The problem is identity governance, not monitoring visibility.

Traditional security assumes credentials map to accountable users or services. Shared credentials break that assumption. In a non-deterministic environment, that ambiguity slows investigation and increases exposure.

The strategic shift: Identity-first governance

The governance gap created by shadow identities cannot be solved with additional monitoring. It requires a structural shift in how autonomous systems are governed.

When a system can dynamically retrieve data, generate probabilistic outputs, and execute actions across enterprise platforms, it is no longer just an application. It is an operational actor. Governance must reflect that.

Identity-first governance treats autonomous systems as first-class identities within the same directory that governs human users. Each agent receives a distinct identity, clearly scoped permissions, and auditable activity attribution.

This changes the control model. Access is tied to identity rather than static credentials. Actions are logged to a specific actor.
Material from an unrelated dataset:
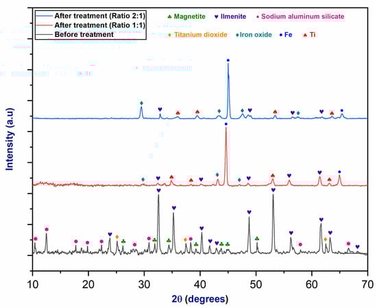 The X-ray diffractogram of feed material before and after thermal plasma treatment is shown in Figure 11. The primary constituents of the raw material are ilmenite (FeTiO3), magnetite (Fe3O4), titanium dioxide (TiO2), and sodium aluminum silicate (Na6Al6Si10O32). Using a plasma torch working with CO2 and CH4, ilmenite concentrate has been reduced to iron metal (Fe) and titanium (Ti), besides the ilmenite phase (FeTiO3) and iron oxide (FeO). The XRD patterns show that the ilmenite concentrate has been reduced using two molar ratios of 1:1 and 2:1, indicating that the CO2/CH4 DC torch will be a novel and efficient technology in mineral processing and material extraction. As a result, the plasma treatment may separate titanium from iron metal, potentially increasing purification over traditional methods used in metallurgy extractives [38].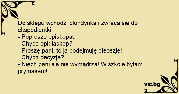 Do sklepu wchodzi blondynka i zwraca się do ekspedientki:

Permissions can be adjusted without modifying code. Revocation occurs at the identity layer, not inside application logic.
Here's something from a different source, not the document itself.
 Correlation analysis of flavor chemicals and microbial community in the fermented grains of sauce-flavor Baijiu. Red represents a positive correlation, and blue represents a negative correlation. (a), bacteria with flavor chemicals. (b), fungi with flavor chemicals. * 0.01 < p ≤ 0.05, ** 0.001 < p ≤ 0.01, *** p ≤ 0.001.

The result is a unified identity plane for human and autonomous actors. Instead of building parallel AI security stacks, organizations extend existing identity controls. Policy remains consistent. Incident response remains centralized. Innovation scales without fragmenting governance.

A practical example: Identity backed agents in practice

One architectural response to the identity governance gap is to provision autonomous systems as first-class identities inside the corporate directory, rather than authenticating them through static API keys.
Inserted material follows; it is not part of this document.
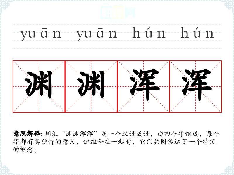 词汇“渊渊浑浑”是一个汉语成语,由四个字组成,每个字都有其独特的意义,但组合在一起时,它们共同传达了一个特定的概念。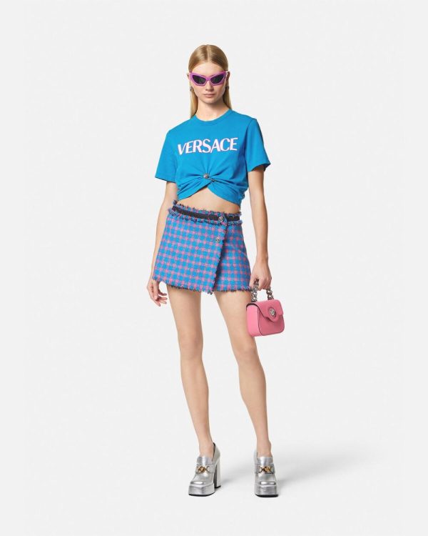 This cropped short-sleeved T-shirt features the Versace logo across the chest in a rubber finish. The style has a gathered hemline and statement Safety Pin hardware.

This approach requires coordination between agent orchestration and enterprise identity infrastructure. Through a deep integration between DataRobot and Okta, organizations can now provision agents built in the DataRobot Agentic Workforce Platform as governed, first-class identities directly inside Okta. Agents deployed within the DataRobot Agentic Workforce Platform can be provisioned as governed identities inside Okta instead of relying on shared credentials.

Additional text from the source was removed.